Unnamed: 0,id,target,comment_text,severe_toxicity,obscene,identity_attack,insult,threat,asian,atheist,bisexual,black,buddhist,christian,female,heterosexual,hindu,homosexual_gay_or_lesbian,intellectual_or_learning_disability,jewish,latino,male,muslim,other_disability,other_gender,other_race_or_ethnicity,other_religion,other_sexual_orientation,physical_disability,psychiatric_or_mental_illness,transgender,white,comment_cleaned,comment_lemmatized,target_label
0,59848,0.0,"This is so cool. It's like, 'would you want yo...",0.0,0.0,0.0,0.0,0.0,0.0,0.0,0.0,0.0,0.0,0.0,0.0,0.0,0.0,0.0,0.0,0.0,0.0,0.0,0.0,0.0,0.0,0.0,0.0,0.0,0.0,0.0,0.0,0.0,this is so cool it like would you want your mo...,cool like would want mother read realli great ...,0
1,59849,0.0,Thank you!! This would make my life a lot less...,0.0,0.0,0.0,0.0,0.0,0.0,0.0,0.0,0.0,0.0,0.0,0.0,0.0,0.0,0.0,0.0,0.0,0.0,0.0,0.0,0.0,0.0,0.0,0.0,0.0,0.0,0.0,0.0,0.0,thank you this would make my life lot less anx...,thank would make life lot less anxieti induc k...,0
2,59852,0.0,This is such an urgent design problem; kudos t...,0.0,0.0,0.0,0.0,0.0,0.0,0.0,0.0,0.0,0.0,0.0,0.0,0.0,0.0,0.0,0.0,0.0,0.0,0.0,0.0,0.0,0.0,0.0,0.0,0.0,0.0,0.0,0.0,0.0,this is such an urgent design problem kudos to...,urgent design problem kudo take impress,0
3,59855,0.0,Is this something I'll be able to install on m...,0.0,0.0,0.0,0.0,0.0,0.0,0.0,0.0,0.0,0.0,0.0,0.0,0.0,0.0,0.0,0.0,0.0,0.0,0.0,0.0,0.0,0.0,0.0,0.0,0.0,0.0,0.0,0.0,0.0,is this something ll be able to install on my ...,someth abl instal site releas,0
4,59856,0.893617,haha you guys are a bunch of losers.,0.021277,0.0,0.021277,0.87234,0.0,0.0,0.0,0.0,0.0,0.0,0.0,0.0,0.0,0.0,0.0,0.25,0.0,0.0,0.0,0.0,0.0,0.0,0.0,0.0,0.0,0.0,0.0,0.0,0.0,haha you guys are bunch of losers,haha guy bunch loser,1


In [None]:
train.shape

(1778628, 35)

In [None]:
train['target_label'].value_counts()

0    1636193
1     142435
Name: target_label, dtype: int64

## Latent Dirichlet Algorithm (LDA)

In previous notebook we cleaned and performed EDA for the  comments. We will further extract and analyse what are the topics that people are giving negetive response through comments. We would expect to get topics that are targeting certain identities.

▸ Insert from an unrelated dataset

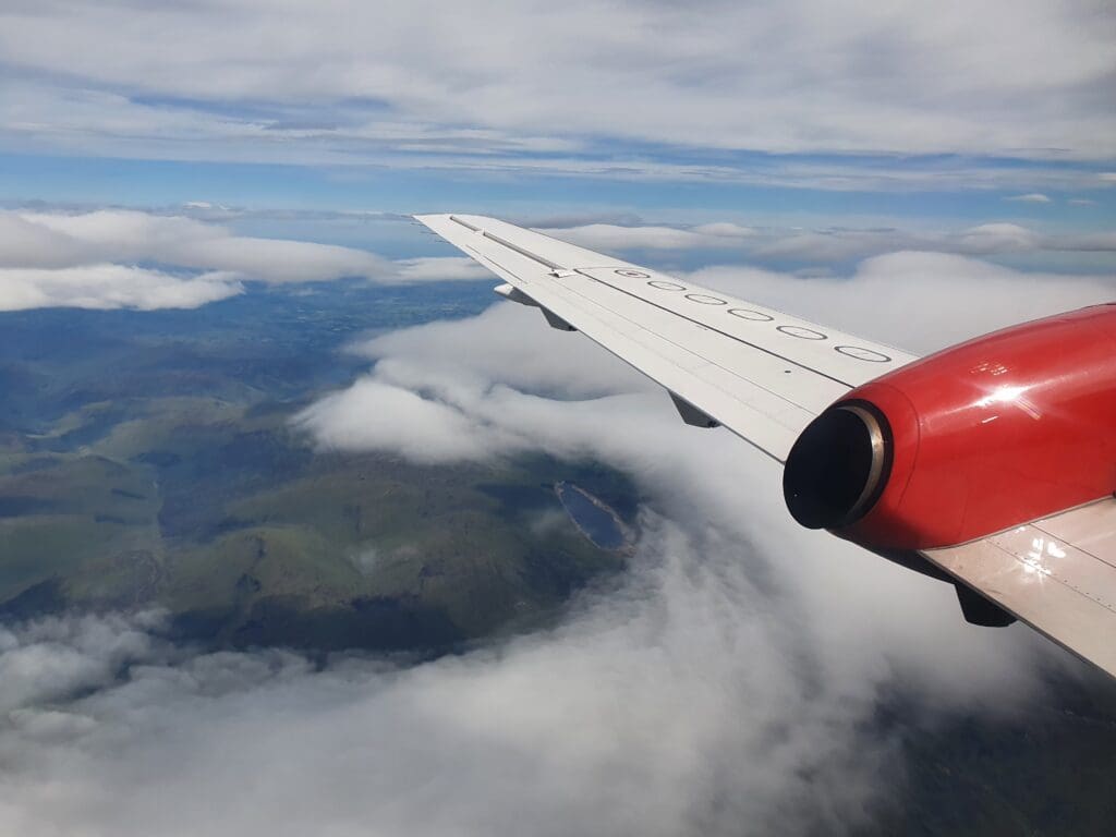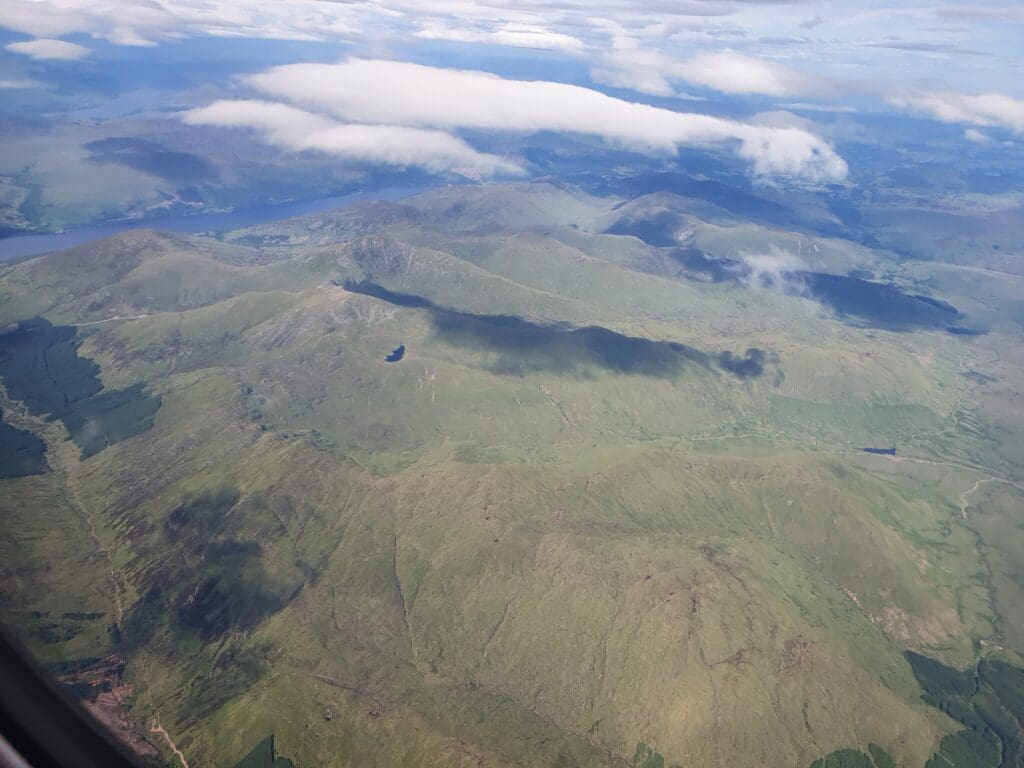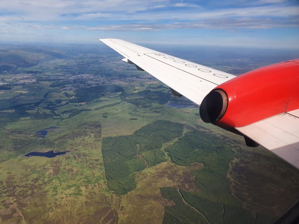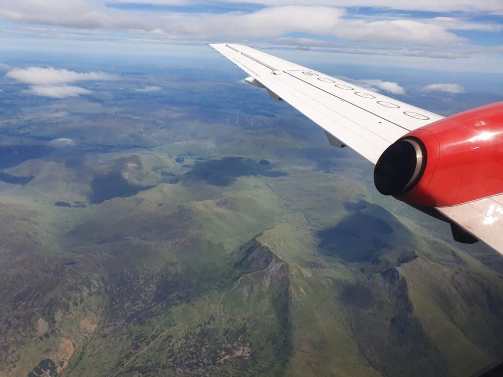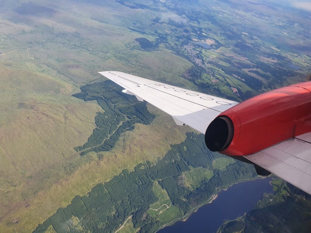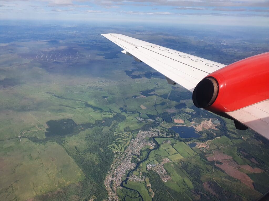 Following an uneventful trip, I returned to my seat just as the clouds began to part below. This initially revealed the very southern portion of the Cairngorms National Park around Blair Atholl and a few moments later the Saab could be felt commencing its descent. This was followed by the captain mentioning ‘twenty minutes to landing’ before the flight attendant made their pre-arrival announcement after which they passed through the cabin ensuring all was in position. As we descended, several lochs could be seen sitting in the picturesque Scottish countryside, the first being Loch Tummel followed by the larger Loch Tay and Loch Earn.

Latent Dirichlet Algorithm is one of the most popular topic modeling methods. Here we will use gensim's LdaMulticore to extract the topics out of the toxic comments.

### Preprocess

In order to use LDA we need to preprocess the text. We need to **clean**, **remove special characters**, **remove stopwords** and **lemmatize** the text. These steps we have already performed in the EDA notebook, hence we will directly use the lemmtized comments from train dataset.

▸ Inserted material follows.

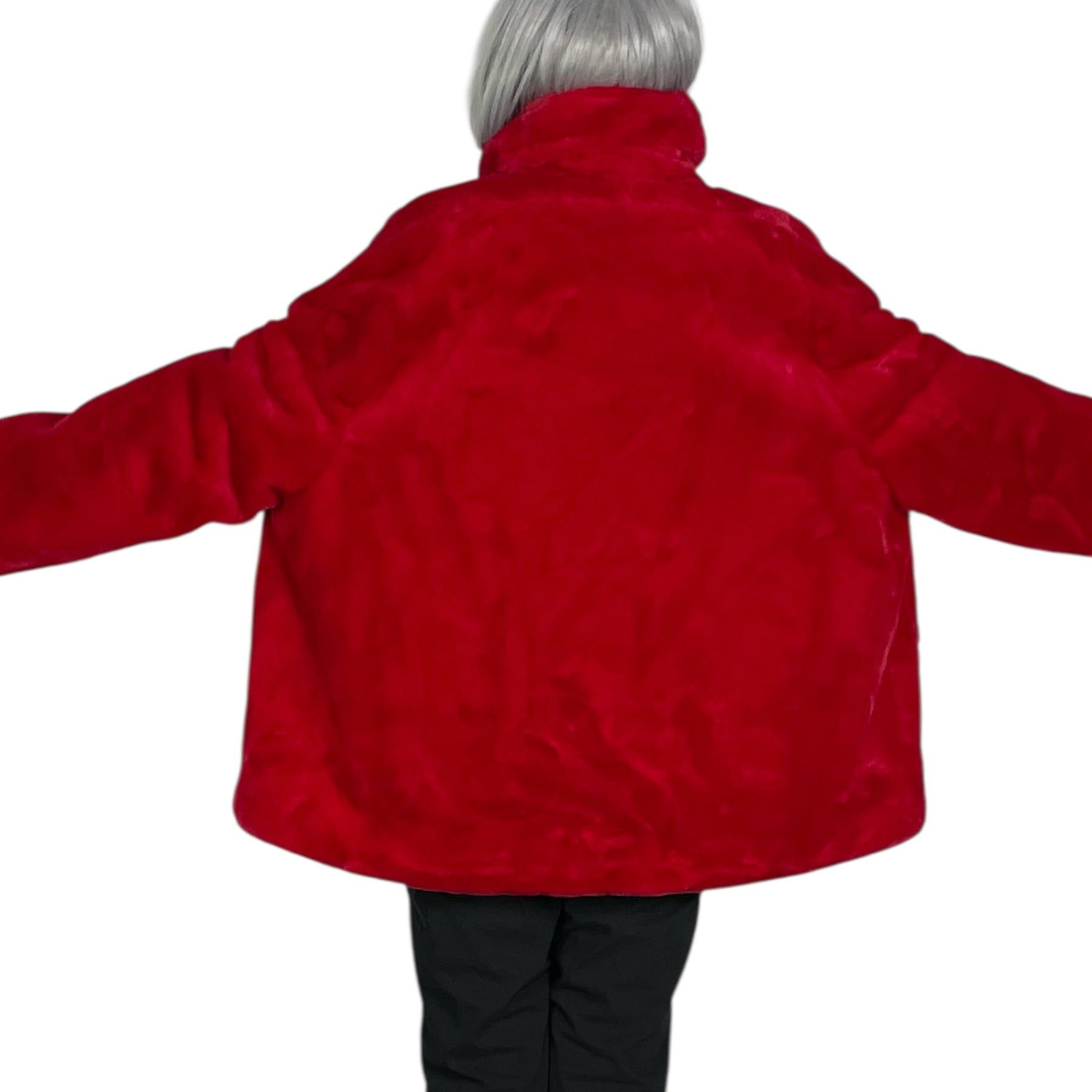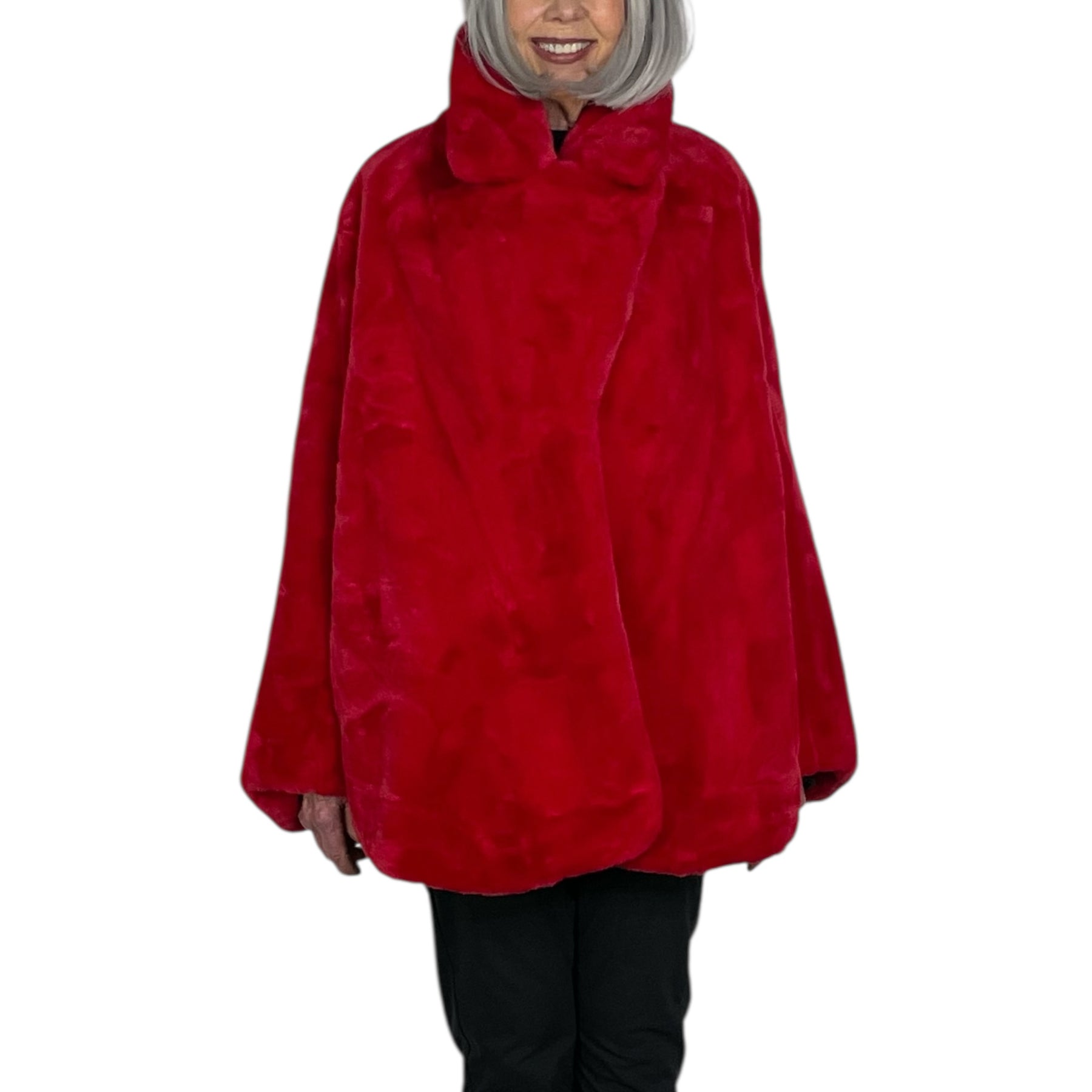 Long sleeve soft faux fur notch collar jacket with clip-snap front closure. Two side pockets, generous fit.
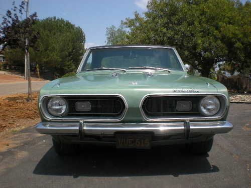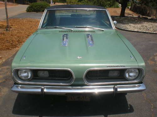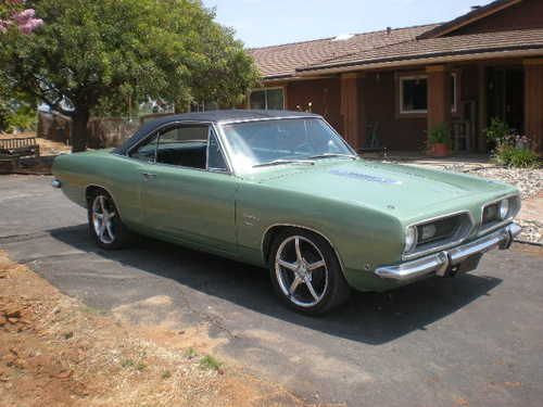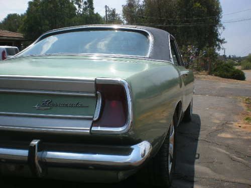 1968 Barracuda Coupe for sale. Very nice and original CA. Car. 225 /6 auto. 7 1/4 rear axle. Odometer reads 75k. May be actual mileage. Speedometer works perfect as do all interior dash lights and exterior lights. This is a very clean, super solid and straight '68 Barracuda. The heater and defroster are in great functioning condition. And even the hood mounted indicators work. Very minor rust in trunk area and pass. lower quarter. Probably some pin holes under the vinyl top. Temp. gauge and oil pressure gauges not working. The /6 runs great. The car drives pretty well. Front end drifts a bit, probably needs lower control arm bushings. The transmission also works great. The interior is in good original condition. a few tears in the front seats and the dash has a crack in it. Also needs driver door glass and vent wing window. This is a great little car with tremendous possibilities.

As we are analyzing only the toxic topics, we will only use the most toxic ones. Using those comments whose target probability is greater than 0.5.

In [None]:
toxic_comments = train[train['target'] > 0.5]['comment_lemmatized']

In [None]:
len(toxic_comments)

104866

In [None]:
toxic_comments[:5]

4                                  haha guy bunch loser
5                                     ur sh tti comment
12    ridicul guy call protest arm violenc make terr...
30    yet call muslim act get pillori okay smear ent...
33                      bitch nut would read book woman
Name: comment_lemmatized, dtype: object

In [None]:
# Tokenize(split) the sentences into words
comments_tokens = [[text for text in doc.split()] for doc in toxic_comments]

### Dictionary & Corpus

We will first create a dictionary object which maps each word to a unique id. This dictionary object will then be used to create 'bag of word' corpus. 

In [None]:
# Create dictionary
dictionary = corpora.Dictionary(comments_tokens)

In [None]:
print(dictionary)

Dictionary(43100 unique tokens: ['bunch', 'guy', 'haha', 'loser', 'comment']...)


In [None]:
print(dictionary.token2id)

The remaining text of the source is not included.